Good morning to you Stitch. I am digesting things that is why I haven't replied sooner.
Between times I simply return to the underlying fundamentals of this Asian market... which is that sometime soon people are going to focus on the banks, on bank receivables and lending, on derivatives exposure (this was supposed to be insurance remember against "down drafts"), and, finally, they will look at liquidity. There won't be any liquidity.
Hard to time when this second look at Asia is going to come. All the media, the governments, everyone in control is trying to row at 75 strokes to the minute here so the boat doesn't slow down.
Remember that Korean markets were going to be "open" to foreigneers to purchase stock in mid-March, 1998. Postponned to Dec. 31, 98. Remember that Japan was going to have to meet reserve requirements by mid-March 1998. Where is that now?

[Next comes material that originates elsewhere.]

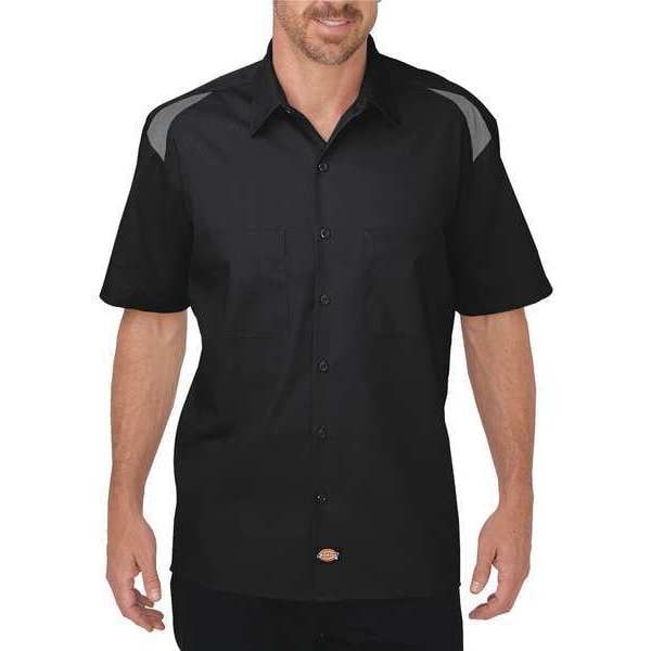 Short Sleeve Shirt, Gender Men's, Material 35 Percent Cotton, 65 Percent Polyester, Fabric Weight 4.6 oz, Front Closure Type Buttons, Number of Outside Pockets 2, Fit Spacious Fit, Color Black/Gray, Sleeve Type Short, Size M, Minimum Neck Size 15 in, Maximum Neck Size 15 1/2 in, Maximum Chest Size 23 1/4 in, Length Regular, Application Managers, Mechanics, Service Providers, Technicians, Cleaning and Care Instructions Home Wash, Industrial Laundry, Collar Style Banded

The rules keep changing. There is, however, the same pool of potential investors in Asia. More investors aren't being invented the eway governments are inventing the news they release.

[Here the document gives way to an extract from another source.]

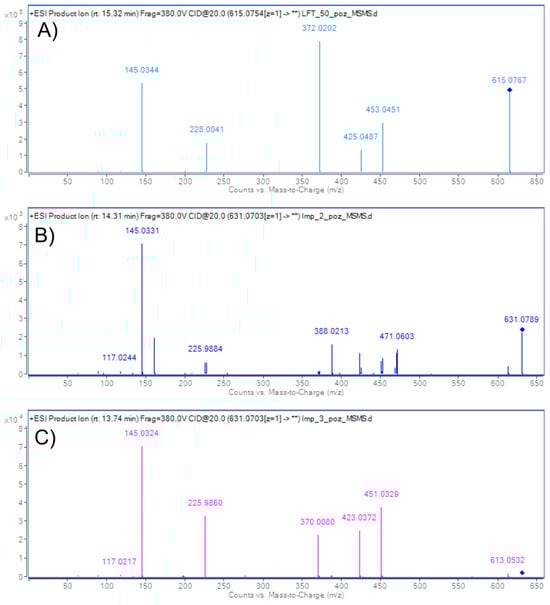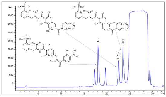 Reluctant to abandon our efforts to fully characterize DP7, we experimented with various degradation conditions and durations, finally converging onto targeted efficiency rather than brute force: 50 mg/ml LIF in aqueous solution with 3% H2O2 for 7 days resulted in a mixture from which three degradation products were isolated by preparative HPLC (Figure 5). To facilitate the comparison with previous MS/MS and HRMS analyses, the three individual compounds were analyzed using exactly the same conditions (Supplementary Materials, Section S5). The isolated amounts were not sufficient for NMR analysis.

...so, the upshot is that when the downdraft comes next time people simply won't believe that governments are doing anything;and, that they can't do anything and they (the investors) won't want to get into the market... they'll just want to get out. IMHO.
That will be he buying opportunity.
Best to you and Bernie. Sime Darby has had a nice bounce probably up nearly 100% in a month. Same nearly with EWM.